I've always wanted a way to make my own PCBs at home, but I've never been a fan of using chemical etching (It's messy, and getting rid of the chemicals is not fun), so I've decided to see if I can cobble together a PCB mill.

I want to see how far I can get armed with the parts that I have (Motors, driver board, some of the mechanisms) and a 3D printer.

You might remember the Makibox A6 - it was a sub-$400 3D printer that, like a lot of cheap printers at the time, was crowd-funded. It took forever to deliver, and there were a lot of problems with it.

Personally, I managed to print a single cube on my first print. On my second print something went wrong and I blew up the control board. I suspect because of the stalled extruder motor. The extruder needed replacing, as did one of the plastic lead screws (that was my fault - I over tightened it).

In the process of trying to get the parts replaced, the delivery got lost - they claimed it had been delivered, but I hadn't received yet. While trying to work this out, I had to quickly move interstate for work. To make matters worse, the company that made the Makibox disappeared around the same time, so I resolved myself to writing off the printer.

I decided to move to Melbourne permanently, so I flew back to Perth to collect my belongings - included what was left of the Makibox - and jammed it into my car for long drive over the Nullarbor.

And there is sat almost three years - dejected, in a cardboard box in my workshop.

On a recent trip back to Perth, my mother handed me a package which a person I worked with have given her. Apparently. it was delivered to the office years ago - so I had no idea what it was.

Low and behold, It was the replacement parts from my Makibox! Well, this was a sign. I put the parts next to the printer, as I wasn't sure what I was going to do with it. I had an M3D printer which was pretty terrible - maybe I could frankenstein the two designs and get one printer out of them?

Fast forward a couple of months - I come in to a bit of spare cash after selling off my time tracking application, and I decide to bite the bullet and buy a real 3D printer - a Lulzbot Mini.

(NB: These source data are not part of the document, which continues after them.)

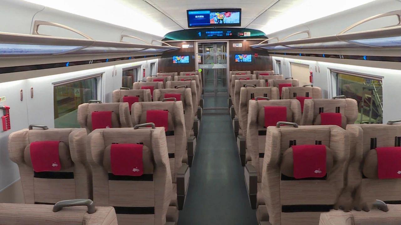 在列车的功能上,该动车组实现“5G+Wi-Fi”网络全覆盖,部分车厢内部设置智能交互终端,可提供高铁娱乐、无线投屏等服务,满足旅客在旅途中看电影、听音乐的娱乐需求。
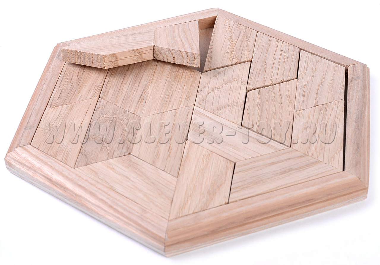 Головоломка состоит из 9 элементов и шестигранной коробочки.
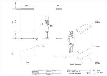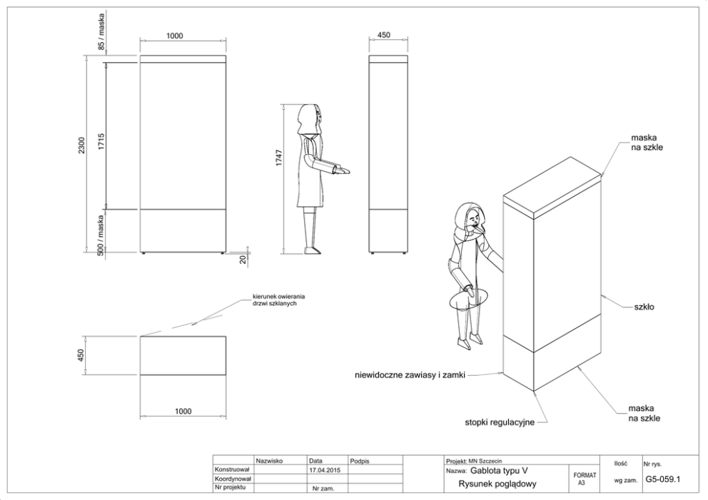 85 / maska maska na szkle 1747 1715 20 500 / maska 2300 450 1000 kierunek owierania drzwi szklanych 450 szkło niewidoczne zawiasy i zamki maska na szkle 1000 stopki regulacyjne Konstruował Koordynował Nr projektu Nazwisko Data 17.04.2015 Nr zam. Podpis Projekt: MN Szczecin Nazwa: Gablota typu V Rysunek poglądowy Ilość FORMAT A3 wg zam. Nr rys. G5-059.1
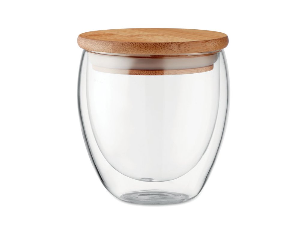 Dvoustěnná sklenice z borokřemičitého skla s krytkou z bambusu se silikonovým kroužkem.
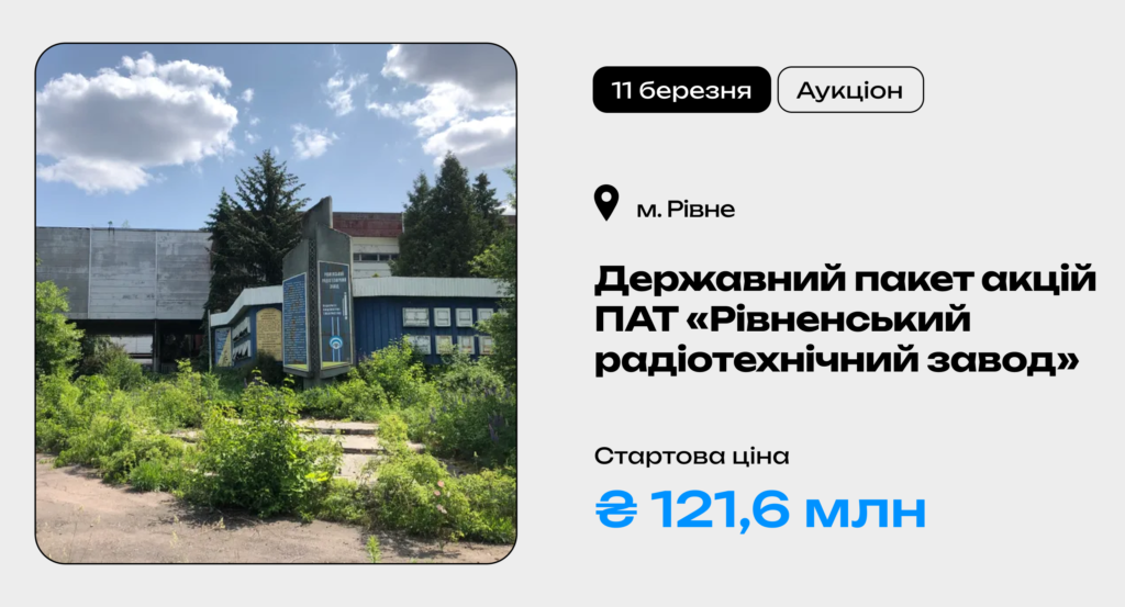 Фонд держмайна запрошує 11 березня взяти участь у приватизаційному аукціоні державного пакета акцій розміром 50 відсотків +1 акція статутного капіталу Публічного акціонерного товариства «Рівненський радіотехнічний завод».
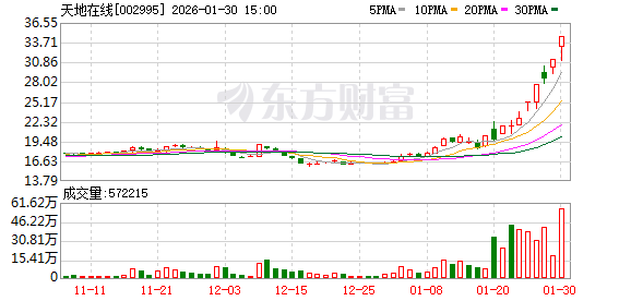 证券日报网讯 2月1日,天地在线发布公告称,公司股票连续2个交易日(2026年1月29日、2026年1月30 日)收盘价格涨幅偏离值累计超过20%,根据《深圳证券交易所交易规则》的相关规定,属于股票交易 异常波动情形。公司前期披露的信息不存在需要更正、补充之处;公司未发现近期公共传媒报道了可能 或已经对本公司股票交易价格产生较大影响的未公开重大信息。 (编辑 姚尧) ...
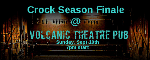 Come join us for the CROCK Summer 2017 season finale this Sunday (Sept 10th) a the Volcanic Theatre Pub in the Century Center.
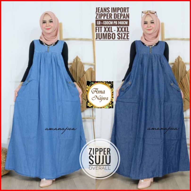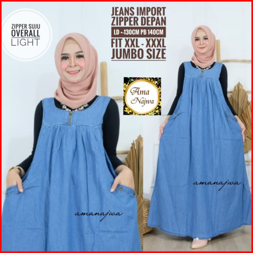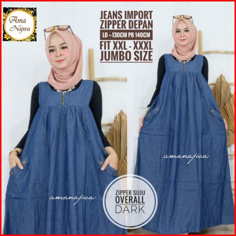 Promo Overall Jeans Super Jumbo Size Xxxl Ld 130cm Zipper Depan Aktif Bahan Adem Nyaman Recommended
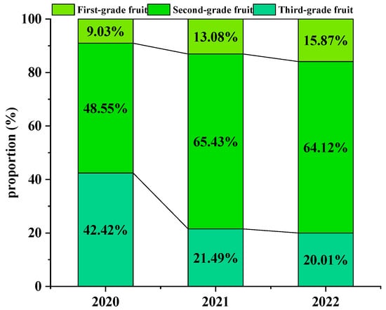 The proportions of first-grade, second-grade, and third-grade fruit from 2020 to 2022.

After setting it up and kicking out a number of awesome prints, I placed the M3D next to the Makibox. I now had a collection of old, cheap and not very good printers. I had to do something about that.

The Makibox has some decent steppers and screws in it (the M3D really doesn't - half the problem really) so I started looking at the parts and wondering if I could convert it to a PCB mill. Ideally I'll eventually want a proper mill that can do aluminium and stuff, but I reckon I can cobbled together something good enough to grind a few hundred micros of copper off some fibre glass. Bonus points if it'll drill through holes.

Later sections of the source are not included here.